If you look at the language used by educates people in the mid-1800's, their vocabulary was very large and their phrasing far more sophisticated than the short sentences filled with little words we see now. I f people paid that much attention to their writing, I'm certain they wrote exactly what they meant to write, so why not believe that they knew what they were doing?
Too many groups of people think Old = IGNORANT. Old ideas, old books, old writings, old stories: none can be relied on because...what could they know we sophisticates of today do not know?
A lot, probably.
A lot, indeed! We have become such an ignorant society. I would worry that we are a lost cause, except that I know too many brilliant young people who are overflowing with ideas.

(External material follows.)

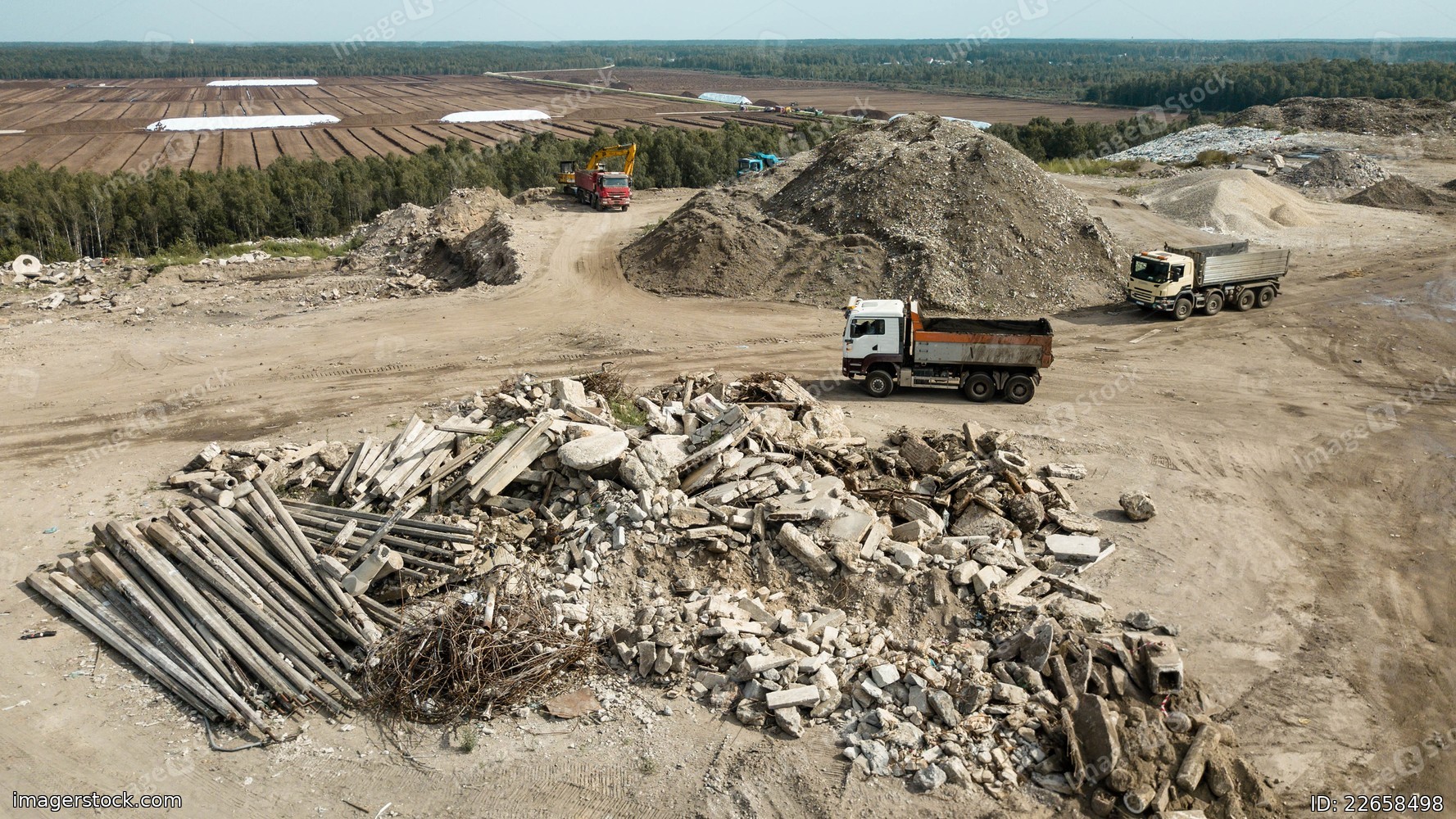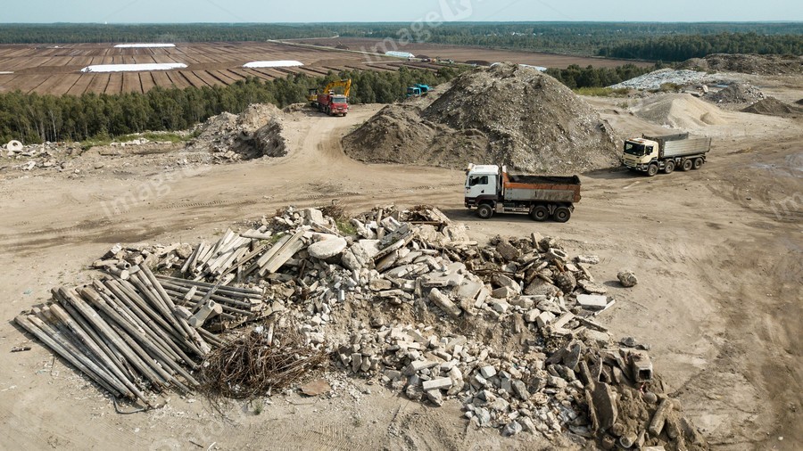 Aerial view of trucks near heap of waste on construction site. Fragments of concrete, wire, and rocks.

I think they will save the world!
I wish I shared your optimism. Most young people with ideas are not running businesses that are making the bad decisions or have a grasp of how complicated the mess we have created is, or how much it will cost economically and socially to correct the accumulated mistakes of the past.
In any case, I don't think we have the time left to correct things. Things are reaching peak "bad"day-by-day.

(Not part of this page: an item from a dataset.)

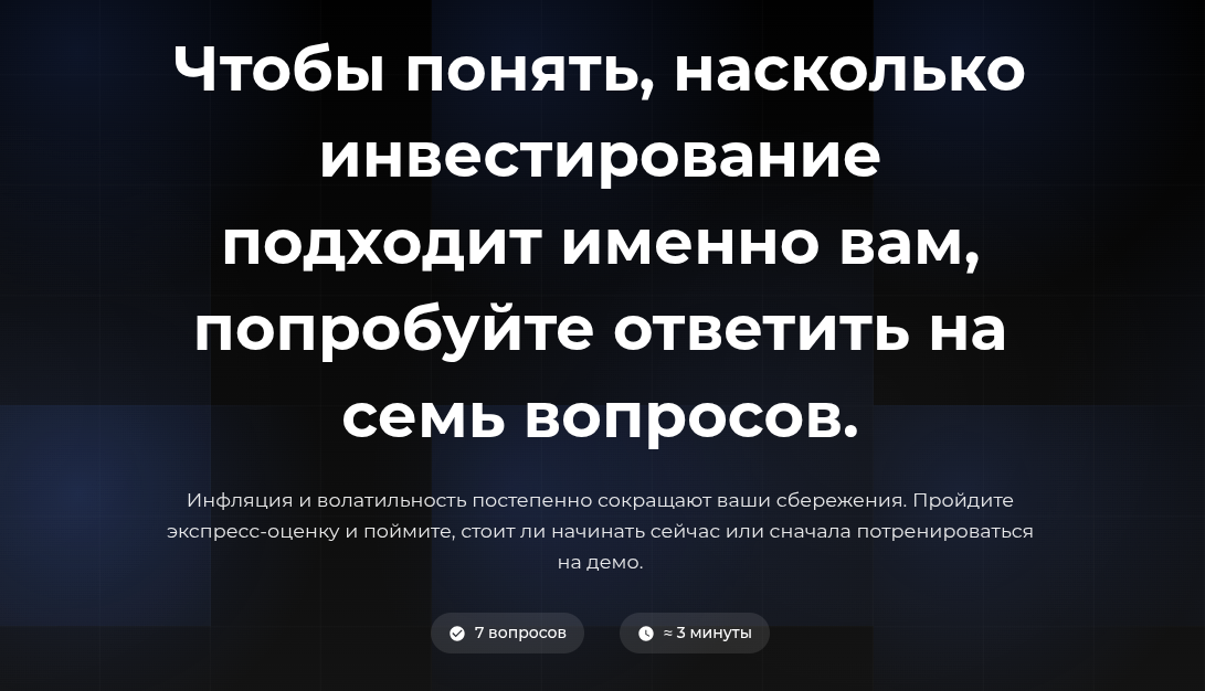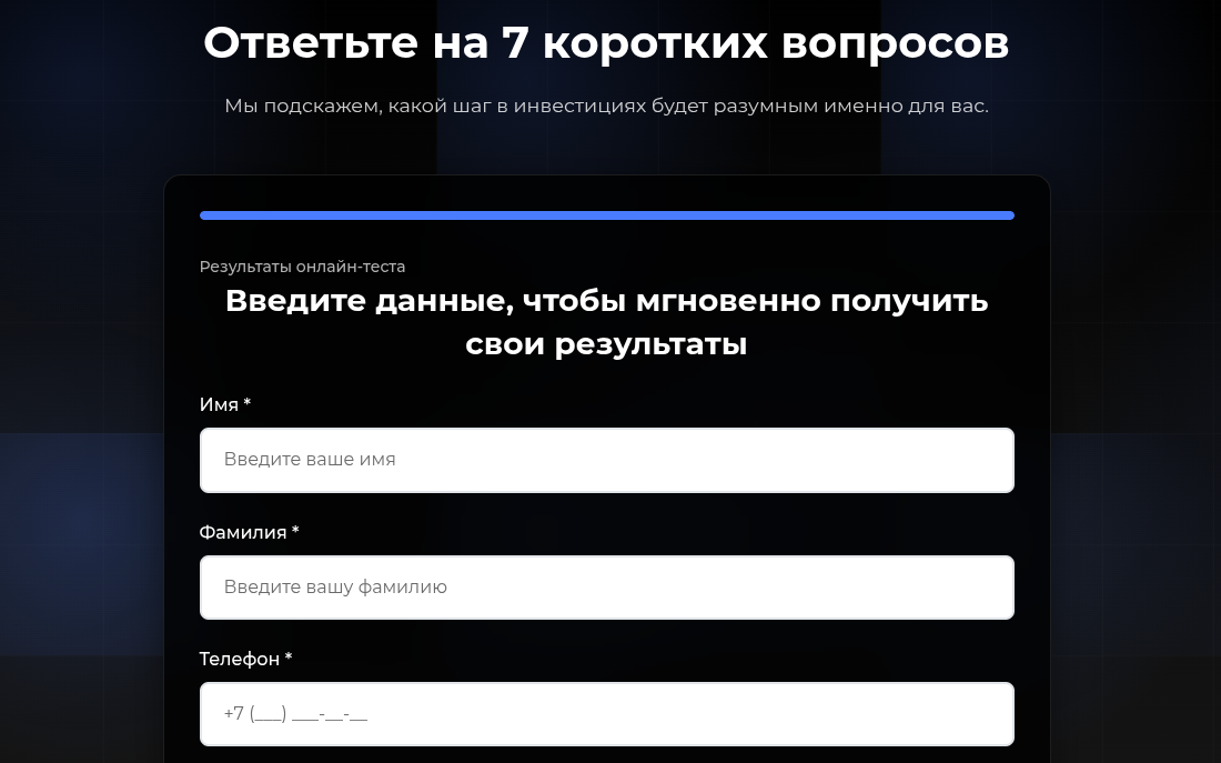 Главная страница проекта – просто рекламный квиз. Пользователь отвечает на пару-тройку банальных вопросов, и сразу после этого видит форму с требованием указать имя/фамилию, электронную почту и номер телефон. Без ввода данных результат теста, конечно же, не показывают. Все это вполне стандартный подход лендингов, которые работают не как образовательные сервисы, а как генераторы лидов для обзвона.

I believe the future will look far different than any of us old folks can even imagine. I'm still clinging to hope.
I hope and I wish, but I keep thinking about Hell and handbaskets and wonder how much time we have left with the financial system ready to collapse. There has been far more credit created than there is money and there is no solution for that, no matter how hard one wishes. Just not at all optimistic here.
Iam sure you are right, but I tend to bury my head in the sand because I am not comfortable dealing with finances. Jim took care of all of that before he died and I have been happy to leave it the way he left it. I probably do need some good financial advice so that I am better prepared.. The bulk of my money is in an IRA and my home.
I understand your reluctance to get into it. Melinda, especially in the aftermath of such a loss.
Take some time and google Venezuela inflation and imagine that Boulivars are the Dollar in a few years. We have borrowed 22 trillion dollars and our annual interest payments will be a trillion dollars a year by next year! Just paying the interest is a major burden and we can never repay the borrowed money, and inflation will happen to us just as it is to Venezuela today.
IRAs are valued in dollars and inflation will decrease their purchasing power because the number of dollars will not change while the number of dollars needed for purchasing a gallon of gas (and everything else) will skyrocket.
At least look at what happens in a hyperinflationary period.